Wilhelm Kotarbiński was a Polish symbolist painter of historical and fantastical subjects. He was a representative of the Art Nouveau movement.
Background
Kotarbiński was born in Nieborów, Poland, on November 30, 1849. He was a descendant of an old noble Polish family. His father, Alexander, was an impoverished aristocrat, who held the position of a manager at the estate of the Radziwiłł magnates. His mother's name was Leokadia Wejsflok.
Education
Initially, Wilhelm Kotarbiński studied with Rafał Hadziewicz at the Warsaw School of Art between 1867 and 1871. Kotarbiński's parents were against his artistic career, that's why he entered the University of Warsaw, but stayed for only a short time before borrowing money from his uncle and migrating to Italy. The following year, he was able to arrange a scholarship from the Imperial Society for the Encouragement of the Arts and began his studies at the Accademia di San Luca. There Kotarbiński studied with Francesco Podesti until 1875, living in poverty and suffering from typhoid.
Career
With the help from the Imperial Society and brothers Svedomsky, Kotarbiński founded his own studio in Rome and organized his first one-man exhibition. The artist's first commission was to copy the XVI century's manuscript from the Vatican Museum. The commission came from a famous art critic Vladimir Stasov. Wilhelm Kotarbiński left Italy in 1888, in order to start working on a massive public project, painting the Cathedral of St. Vladimir in Kiev. He was invited by his friend, Pavel Svedomsky. He worked there between 1889 and 1894, with several other well-known Russian and Ukrainian artists, notably Viktor Vasnetsov.
Under the supervision of Adrian Prakhov, an expert on old Russian and Byzantine art, Wilhelm Kotarbiński worked on 84 individual figures and 18 full paintings, including a large painting of the transfiguration of Christ. The artist's easily recognized style, in which he skilfully combined academism and Ukrainian folklore with Polish symbolism, also adding his imagination and mysticism, was extremely in demand among the public. During his work with Prakhov, Kotarbiński became friends with Adrian Prakhov's family.
During World War I, the artist made postcards on the basis of some of his paintings. They were sold for the benefit of soldiers' families. Besides, he created posters promoting donations to help victims of the Polish occupation. Many of his originals were lost or destroyed and survived only in the form of these postcards. At the time of the World War I and after the revolution, the artist had some difficulties going through what had happened. Wilhelm Kotarbiński desired to return to newly-independent Poland but his plans were ruined because of the unstable political situation in Russia.

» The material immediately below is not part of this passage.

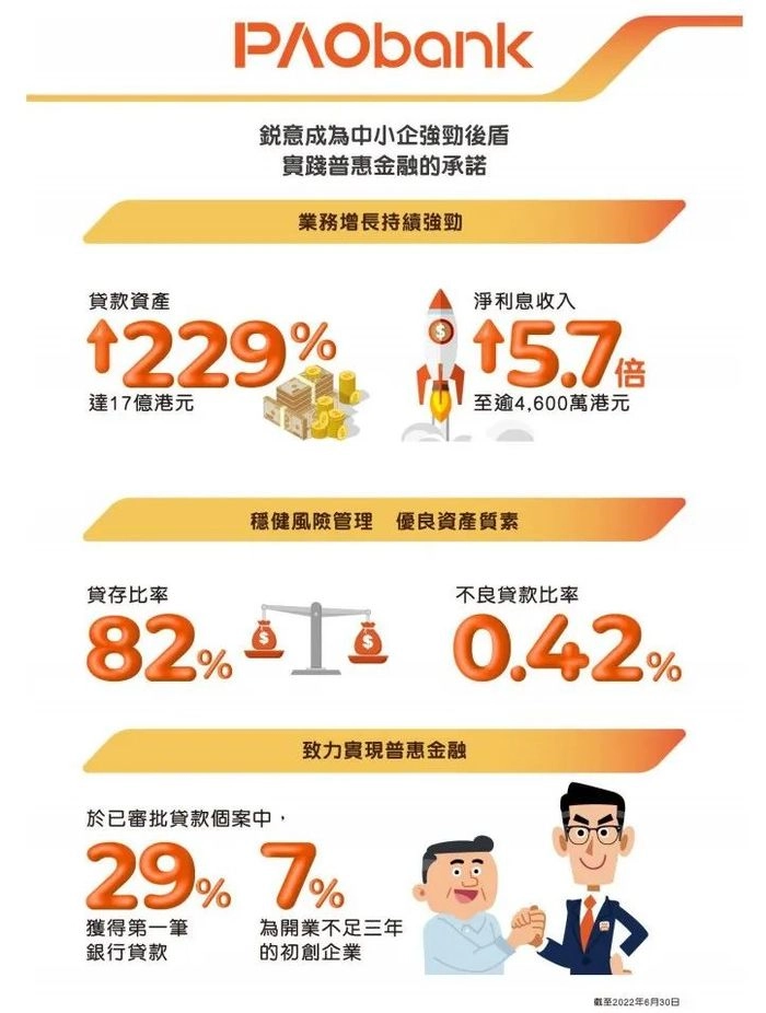 截至2022年6月30日,在已审批贷款的客户中,29%为首次获得银行贷款。而在曾获其他银行贷款的客户中,77%为首次获银行批出无抵押贷款。此外,该行已审批贷款的客户中有7%为开业不足三年的初创企业。
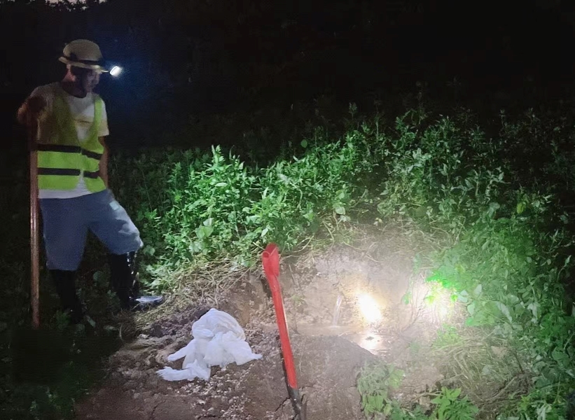 高效協(xié)同,凝聚搶險合力。公司調(diào)度60多名搶險隊員和技術(shù)人員,皮卡車、指揮車輛及后勤保障車共9輛抵達(dá)現(xiàn)場并開展安全技術(shù)交底,立即做好工作分工與應(yīng)急處置措施。在現(xiàn)場,因連日暴雨河水高漲,背水坡面因滲流作用出現(xiàn)多處涌水現(xiàn)象,如不及時處置,將引發(fā)滲透破壞,堤壩有坍塌風(fēng)險。2054分,搶險戰(zhàn)役正式打響,整個搶險過程持續(xù)2小時,到晚上11點成功處置管涌點12處,圓滿完成全部搶險任務(wù)。

The war covered the artist's work with a dark shadow. More often he portrayed the Grief, the Tears, the dead, the grave, the black angels. Until 1920 Wilhelm Kotarbiński was living at the hotel 'Prague' in the center of Kiev. The two-bedroom apartment accommodated both the artist's bedroom and his studio. After the revolution, the hotel was not a safe place to stay for Kotarbiński. Then the artist was threatened with arrest, and his apartment has been subjected to endless searches. Emilia Prahova came to the rescue and sheltered the artist in her house, where he lived till the end of his life.
Membership
In 1890 Wilhelm Kotarbiński joined the Union of South Russian Artists. In the year 1893, together with Jan Stanisławski and others, he founded the Society of Kiev Painters. Kotarbiński was named an Academician of the Imperial Academy in 1905.